This week's link is to a beautifully realised, multimodal short story by Australian illustrator, interactive designer and writer, Sutu (Stuart Campbell). 'These Memories Won't Last' explores the fragility of the human mind, changing family relationships and the impact of dementia by using the story interface to replicate the vanishing of memory over time. As you scroll through the images and read the panels, they gently fade away; there is no scrolling back, so readers are at the mercy of their own memories as the cells dissolve. It's a great story to promote discussion of the way we tell stories, the fleeting nature of memories and the influence of interactivity and technology on storytelling. Suitable for Years 9–12.
An interesting thing happened just before Australia Day 2016: a speech on the topic 'Racism is destroying the Australian dream' delivered by Stan Grant, almost three months earlier, went viral. You may have seen the coverage and watched Grant's speech, but you may not have heard him explore the ideas he addressed at length. The Guardian Australia's Token Podcast, which explores issues of race and cultural identity in Australia, featured Grant on 16 December 2015, expanding on the issues that he raised in his speech the month prior. Not only does Grant's powerful voice offer a passionate and articulate point of view, his speech and its belated media coverage raise issues about the role that timing and context can have on the apparent media-worthy nature of a text, event or person. Suitable for Years 10–12.

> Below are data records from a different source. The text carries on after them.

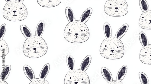 33.A charming illustration of minimalist bunny heads, evenly arranged in a seamless pattern. The delicate doodle-like style with fine black lines on a white canvas makes it ideal for baby textiles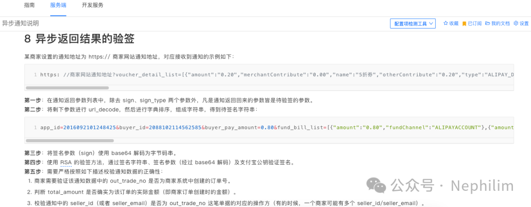 在官方文档中,对异步返回结果的验签,一共有五步: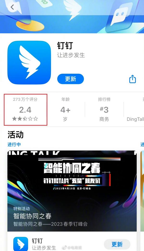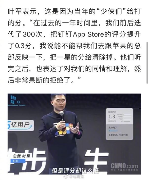 #钉钉总裁回应App评分2.4# 钉钉总裁:当年“少侠们”打分太低,钉钉一年迭代300次评分才增长0.3。曾想清除App Store一星分数,苹果深表同情后果断拒绝了。[允悲]#钉钉一年迭代300次#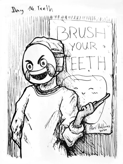 #Inktober Day 14 - Teeth 😬 Even in my age, I still feel uneasy whenever I have to see the dentist. Bad childhood experience 😓🐁 #inktober2020 #inktober2020day14 #AiriHollowsArt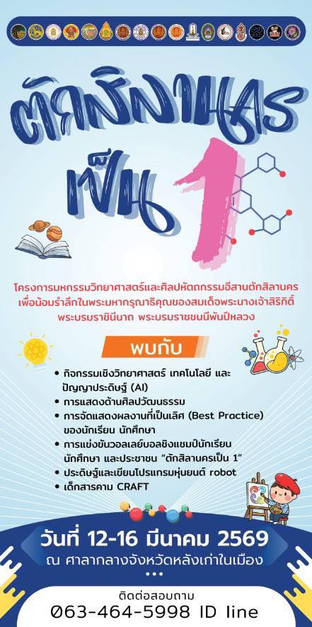 โครงการมหกรรมวิทยาศาสตร์และศิลปหัตถกรรมอีสานตักศิลาลานคร (ตักศิลานครเป็น 1) วันที่ 12-16 มีนาคม 2569 ณ ที่ว่าการอำเภอเมืองมหาสารคาม (ศาลากลางจังหวัดหลังเก่าในเมือง)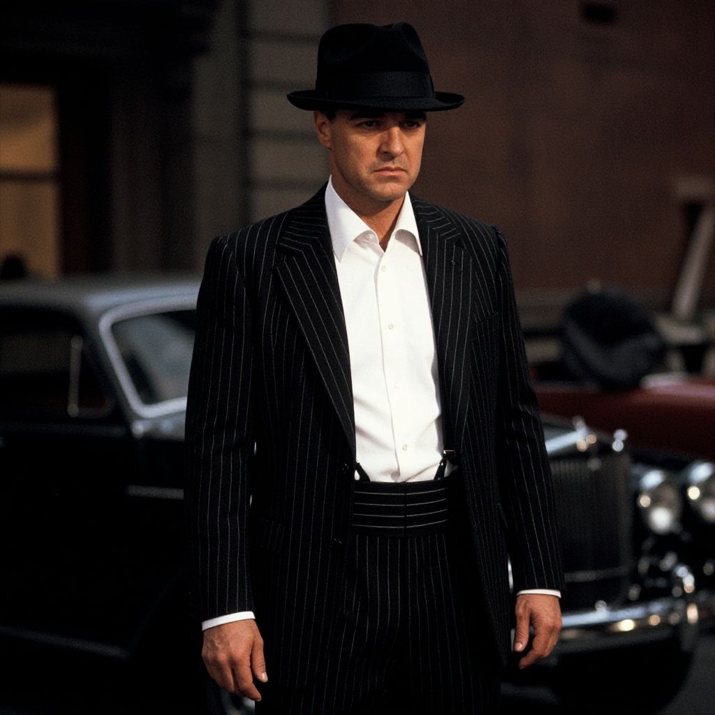 Godfather theme party dress featuring classic 1920s gangster elegance, sleek black and white pinstripe suit, crisp white shirt, suspenders, and a fedora hat, standing confidently against a backdrop of vintage cars and dim city streets, moody lighting with film grain effect.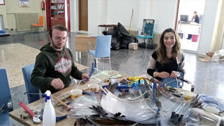Gençlik Merkezinde üretilen siperler geciktirilmeden sağlık çalışanlarına ve emniyet güçlerine dağıtılıyor.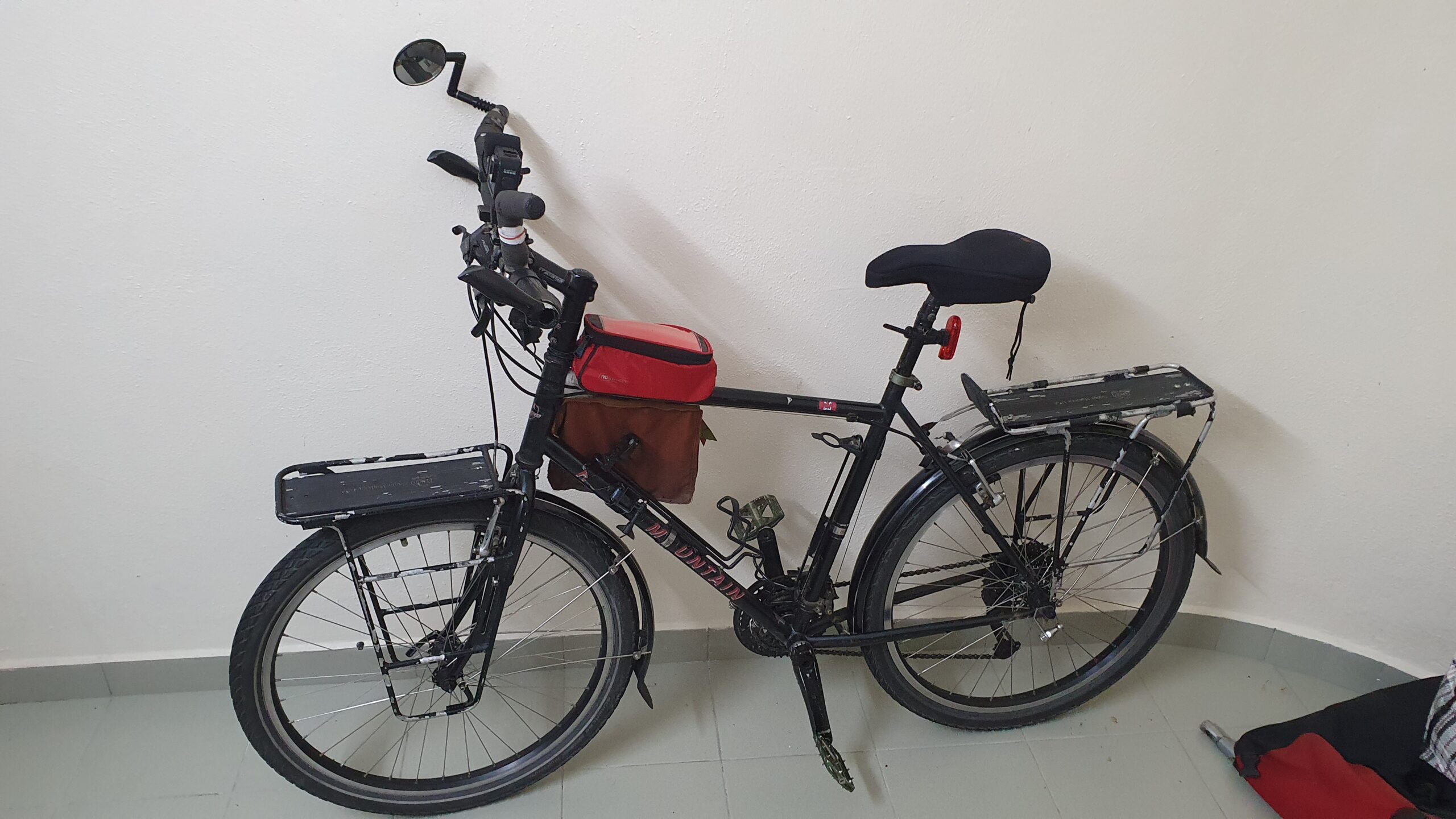 And once the screw was removed, he set about applying his glue and orange powder technique. When he was done with that, he handed it back to me. I was still hoping that the actual welding would start now, but he insisted that welding wasn’t necessary. All I could do was take him at his word. I couldn’t force him to weld. I didn’t even know if he had welding equipment or knew how to weld. Then I asked him to drill the holes in my pannier racks, and that went relatively smoothly. He was the type of mechanic who doesn’t worry that much about precision and prep and looks. If you want a hole drilled, he’s happy to do it, and he will just grab the nearest drill and start drilling. I gave him a bolt that I needed the hole for. I assumed he would carefully measure the bolt’s diameter and then choose a drill bit to match. But that wasn’t how he worked. And he just drilled a hole with whatever bit was in the drill. And then when that turned out to be too small, he used some kind of weird cone-shaped bit to do something else. But the holes were still too small. So now he changed the bit and did it all again. He eventually got the job done, but he drilled each hole three times. He got there in the end. He just took the long road to get there.

The first resource we'd like to discuss this year is an opinion piece published in The Age this January: 'Young men learn boundaries in well-prepared schools'. Written by secondary school teacher Emily Hehir, it discusses the gender discrimination she has experienced from male students, and the wider social implications of this behaviour. It raises pertinent questions about respect and authority by describing situations that will be familiar to both teachers and students. Suitable for Years 10–12.
We'll be posting resources for English Language and English Literature in the near future. In the meantime, this fascinating link about recent research into the structure of fiction writing is a small token of our appreciation for your visit. The Institute of Nuclear Physics in Poland put over 100 literary texts through a series of statistical tests and found that many famous novels have fractal sentence structures.